▶ Task requirements
All of the data must be written out verbatim, with pictures excluded.
Top of Data excerpt
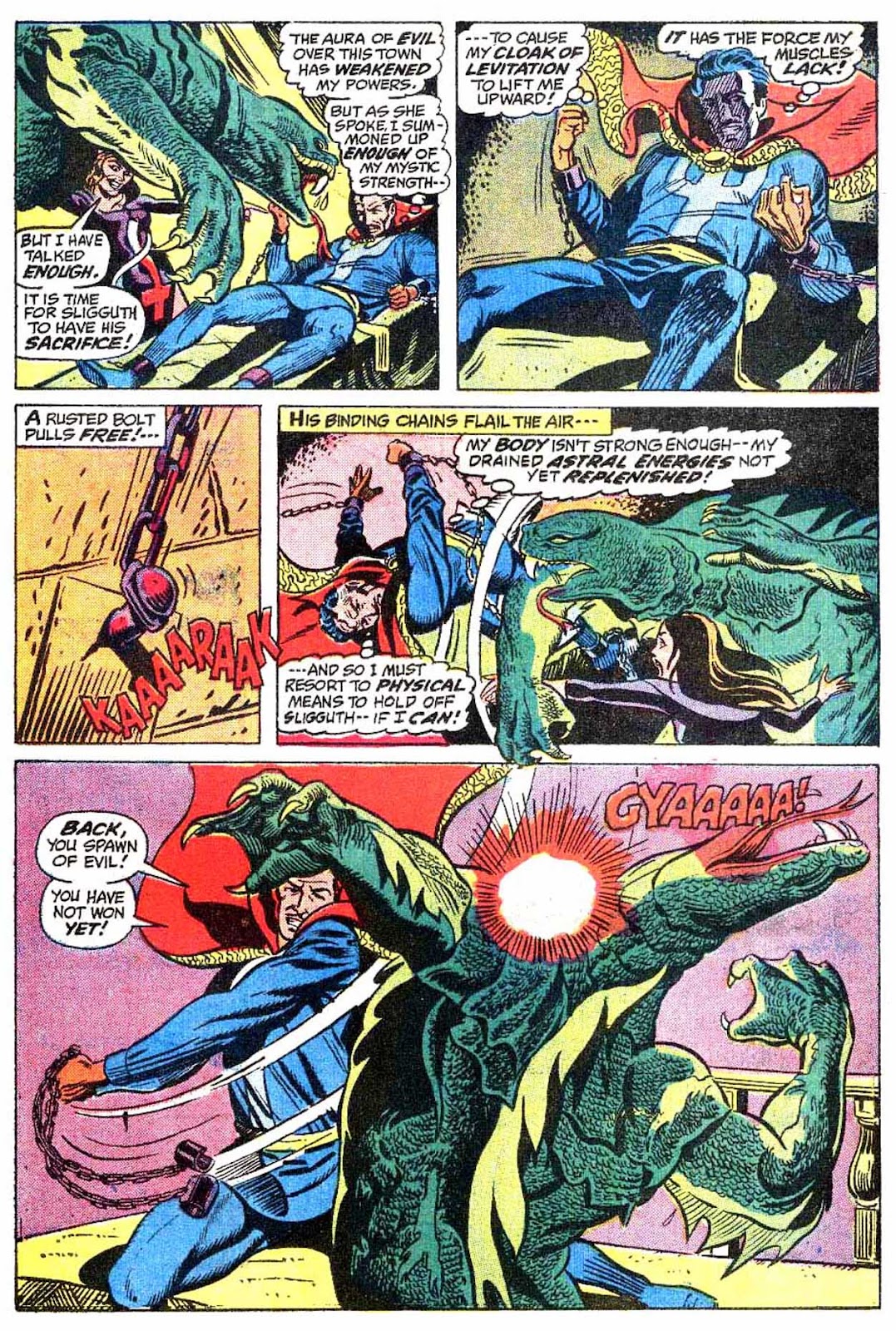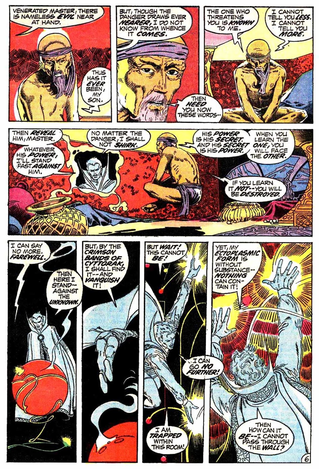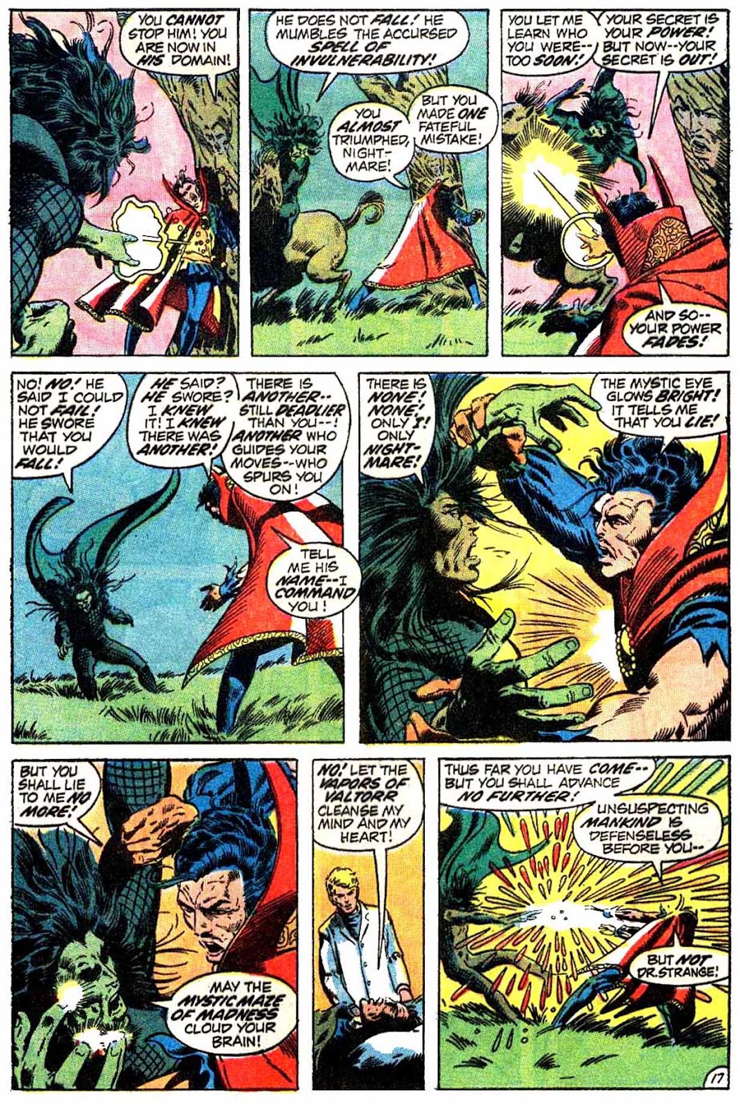 Another trick that Dr. Strange used to employ plentifully: illusions, specifically of himself. He didn't always use them like he does here, generally preferring to split himself into tens of different "selves" as opposed to Gardner's get-out-of-jail-free card, but they used to be one of his main implements. I'm not sure why they stopped being used. They were prominent even into the Stern years, though I think Gillis eased off on them quite a lot. I don't think I've seen them in a single comic published past the 90s.
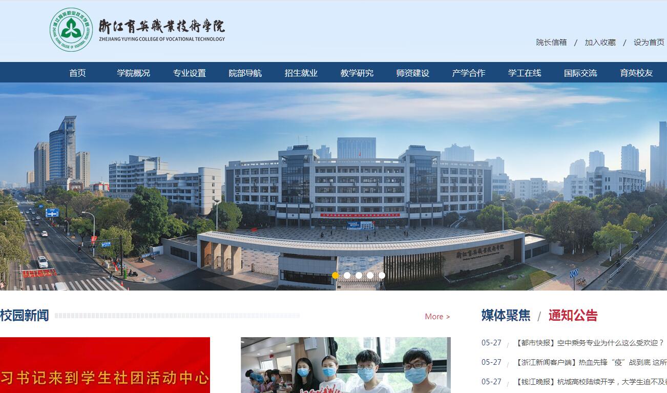 浙江育英职业技术学院经浙江省人民政府批准,创办于1998年,是第一所进驻下沙的高校。学院地处钱塘江畔、国家级经济技术开发区和下沙高教园区,区域环境得天独厚,现有民航交通、信息技术、商务贸易、经济管理、创意设计、继续教育6个分院,社科部、体艺部2个部。学院以“厚德载物,自强不息”为校训,立足下沙、大江东,融入杭州都市经济圈,面向浙江全省,为现代服务业培养全面发展的具有优势品质与技能的高素质应用型职业人,开设了空中乘务、直升机驾驶技术、轨道交通管理、计算机应用、电子商务(含跨境电商)、国际经济与贸易、酒店管理、广告艺术设计、会展策划与管理等25个专业,在校学生7000余人,累计为国家和社会培养合格毕业生25000余人。学院坚持以高素质应用型人才培养为核心,围绕“职业人”优势职业品质与技能,设计人才培养方案,主动适应市场需求,不断深化高校与政府、企业、社区全方位合作,以技术服务产业持续发展,以培训服务公民终身学习,以文化服务社会文明进步,积极推进教育国际化,加强与发达国家(地区)高校交流合作,不断提高人才培养质量,朝着“人文、精致、开放、活力”特质的建设目标不断奋进,逐渐形成专业建设、人文教育、体育运动、社会服务和党的建设等优势特色,办学整体水平不断提升。学院获得全国先进社会组织、全国民办非企业单位自律诚信建设先进单位、全国民办教育先进集体、浙江省文明单位、浙江省社会治安综合治理先进集体、浙江省先进基层党组织、浙江省5A级社会组织、浙江省高校平安校园、浙江省无偿献血促进奖、浙江省优秀志愿服务集体等90余项荣誉。学生获得的主要成绩有:第九届中国青少年科技创新奖、“挑战杯”全省高职高专学生创业创新大赛特等奖和最佳风采奖、浙江省大学生程序设计竞赛大专组特等奖、浙江省大学生职业生涯规划大赛一等奖、浙江省大学生运动会总团体冠军、全国大学生全明星篮球团体赛亚军、浙江省大学生运动会田径比赛团体第一、武术比赛团体第一、网球比赛团体第一,舞蹈比赛一等奖等。
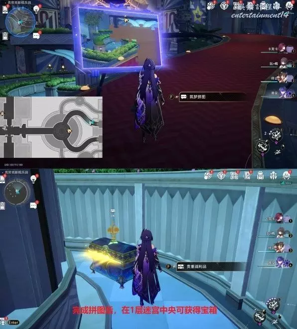 【築夢拼圖】解謎寶箱,完成拼圖後會顯現出1層的花園迷宮的出口,且寶箱也會隨之出現在迷宮中央。
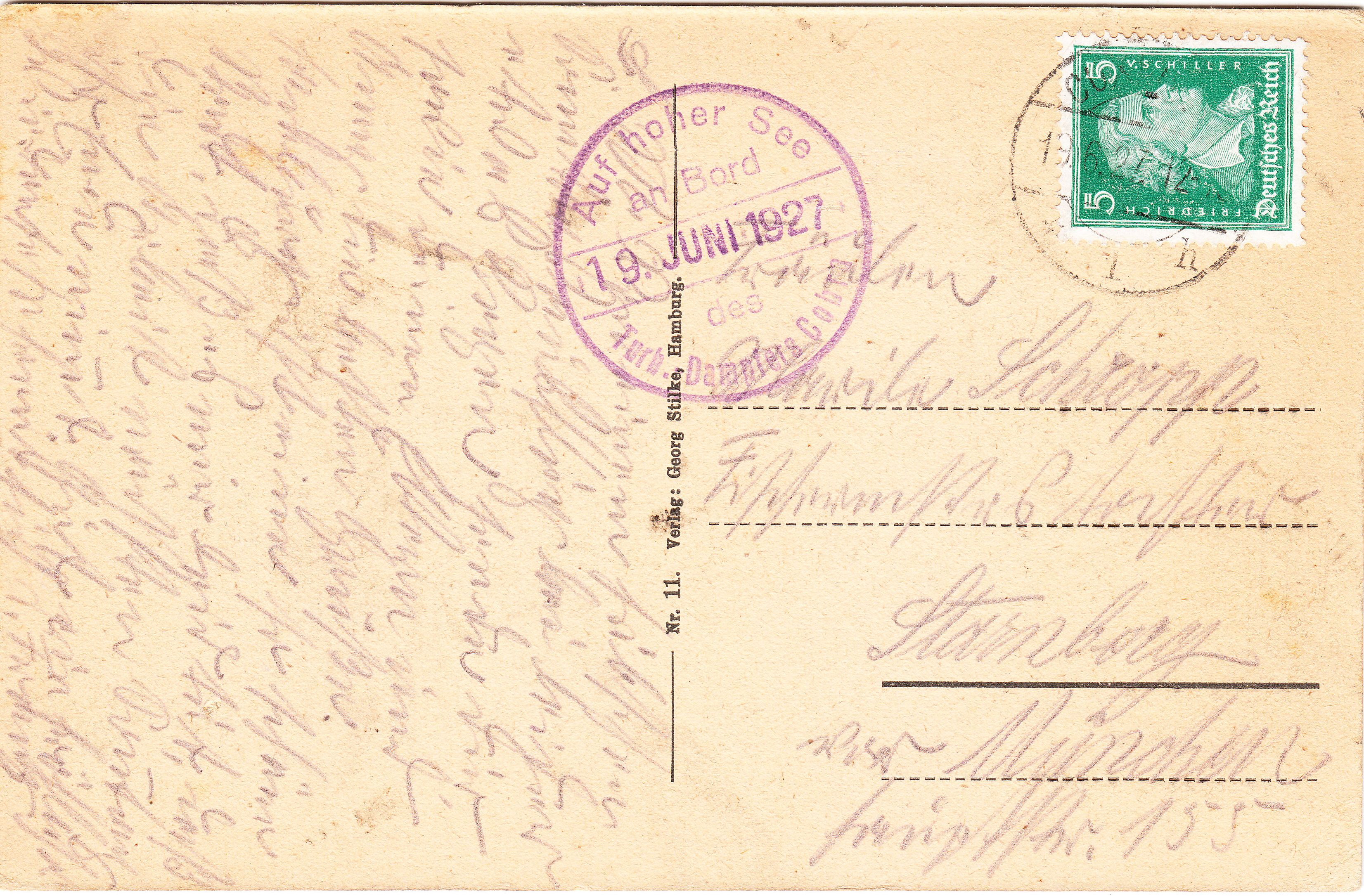 Hier eine Postkarte im Fernverkehr, am 19.06.1927 ausgegeben an Bord des Turbinendampfers COBRA auf dem Weg von Helgoland nach Cuxhaven, wo der Beleg dann der Deutschen Reichspost zur weiteren Beförderung übergeben wurde:
Bottom of Data excerpt
▶ Answer below
 Another trick that Dr. Strange used to employ plentifully: illusions, specifically of himself. He didn't always use them like he does here, generally preferring to split himself into tens of different "selves" as opposed to Gardner's get-out-of-jail-free card, but they used to be one of his main implements. I'm not sure why they stopped being used. They were prominent even into the Stern years, though I think Gillis eased off on them quite a lot. I don't think I've seen them in a single comic published past the 90s.
 浙江育英职业技术学院经浙江省人民政府批准,创办于1998年,是第一所进驻下沙的高校。学院地处钱塘江畔、国家级经济技术开发区和下沙高教园区,区域环境得天独厚,现有民航交通、信息技术、商务贸易、经济管理、创意设计、继续教育6个分院,社科部、体艺部2个部。学院以“厚德载物,自强不息”为校训,立足下沙、大江东,融入杭州都市经济圈,面向浙江全省,为现代服务业培养全面发展的具有优势品质与技能的高素质应用型职业人,开设了空中乘务、直升机驾驶技术、轨道交通管理、计算机应用、电子商务(含跨境电商)、国际经济与贸易、酒店管理、广告艺术设计、会展策划与管理等25个专业,在校学生7000余人,累计为国家和社会培养合格毕业生25000余人。学院坚持以高素质应用型人才培养为核心,围绕“职业人”优势职业品质与技能,设计人才培养方案,主动适应市场需求,不断深化高校与政府、企业、社区全方位合作,以技术服务产业持续发展,以培训服务公民终身学习,以文化服务社会文明进步,积极推进教育国际化,加强与发达国家(地区)高校交流合作,不断提高人才培养质量,朝着“人文、精致、开放、活力”特质的建设目标不断奋进,逐渐形成专业建设、人文教育、体育运动、社会服务和党的建设等优势特色,办学整体水平不断提升。学院获得全国先进社会组织、全国民办非企业单位自律诚信建设先进单位、全国民办教育先进集体、浙江省文明单位、浙江省社会治安综合治理先进集体、浙江省先进基层党组织、浙江省5A级社会组织、浙江省高校平安校园、浙江省无偿献血促进奖、浙江省优秀志愿服务集体等90余项荣誉。学生获得的主要成绩有:第九届中国青少年科技创新奖、“挑战杯”全省高职高专学生创业创新大赛特等奖和最佳风采奖、浙江省大学生程序设计竞赛大专组特等奖、浙江省大学生职业生涯规划大赛一等奖、浙江省大学生运动会总团体冠军、全国大学生全明星篮球团体赛亚军、浙江省大学生运动会田径比赛团体第一、武术比赛团体第一、网球比赛团体第一,舞蹈比赛一等奖等。
 【築夢拼圖】解謎寶箱,完成拼圖後會顯現出1層的花園迷宮的出口,且寶箱也會隨之出現在迷宮中央。
 Hier eine Postkarte im Fernverkehr, am 19.06.1927 ausgegeben an Bord des Turbinendampfers COBRA auf dem Weg von Helgoland nach Cuxhaven, wo der Beleg dann der Deutschen Reichspost zur weiteren Beförderung übergeben wurde:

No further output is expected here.